“A man who wears a skirt is still often a sign of pathology”

Paul B. Preciado at his home in Paris on July 15, 2022 (behind him, his portrait signed Luca Del Baldo).

It was one evening in July, in a bar in Ménilmontant, that we found Paul B. Preciado. Shirt and black pants, moccasins on his feet and his dog Rilke in his arms, the Spanish philosopher and essayist is passing through Paris, between two conferences and two planes. He has just completed his next book. Dysphoria Mundi, which will be published by Grasset this fall, fourteen years after the publication of Test Junkie (Grasset, 2008), in which he recounted his gender transition. “Assigned woman” at birth, he bore the first name of Beatriz before obtaining a change of marital status, in 2016.

Considered one of today’s most influential thinkers, Paul B. Preciado calls for debinarizing sexuality, decolonizing the unconscious and deconstructing the patriarchal order. He places the body at the center of his analysis, so it is naturally that he is interested in fashion, a discipline that he sheds a new and radical light on, like all the subjects he touches.

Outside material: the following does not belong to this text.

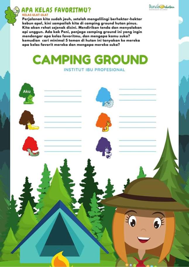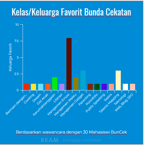 Waktunya cukup terbatas, sejak pemberian tugas hari Jumat ke tenggat akhir hari Selasa sudah harus ada minimal lima teman yang diajak “berkemah bersama”. Teman-teman ini akan digali pendapatnya soal kelas favorit dan alasannya, serta apakah ada tantangan dalam mengikuti kelas tersebut. Kalau bisa, diminta agar teman-teman ini adalah teman-teman baru, bukan yang sudah dikenal sebelumnya. Hasil dari obrolan ini nantinya akan diolah menjadi grafik terkait kelas favorit.

The one who dreams of living An apartment on Uranus (Grasset, 2019), far from the Earth, opens spaces, elsewhere, outside established patterns.

“Fashion is to the body what architecture is to space: a technology of fabrication and social control. Paul B. Preciado

The garment is a synthetic skin, a prosthesis which participates in the social and political construction of the difference of sex, but also of class, race and age. Fashion is to the body what architecture is to space: a technology of fabrication and social control. » It cannot therefore, according to him, be reduced to simple considerations of style which would exempt it from its responsibilities in economic, gender and sexuality policies.

Born in 1970 in Burgos, a Catholic city in northern Spain at the time of Franco, the philosopher experimented from childhood with the segmentation of gender linked to clothing. Her father owns a garage, her mother is a seamstress. ” She worked for a wedding dress workshop in a specially arranged room in the house. During the fittings, I watched young girls turn into princesses. It was a very dreamlike and theatrical universe, with a hyperbolic vision of femininity. I grew up in a very gendered and very conservative world. My mother absolutely wanted to dress me as a girl despite my reluctance. » Her parents enrolled her in a single-sex school run by nuns. ” The uniform was very feminine, but I always had pants in my backpack. As soon as I left school, I slipped my skirt into my pants. »

You have 64.51% of this article left to read. The following is for subscribers only.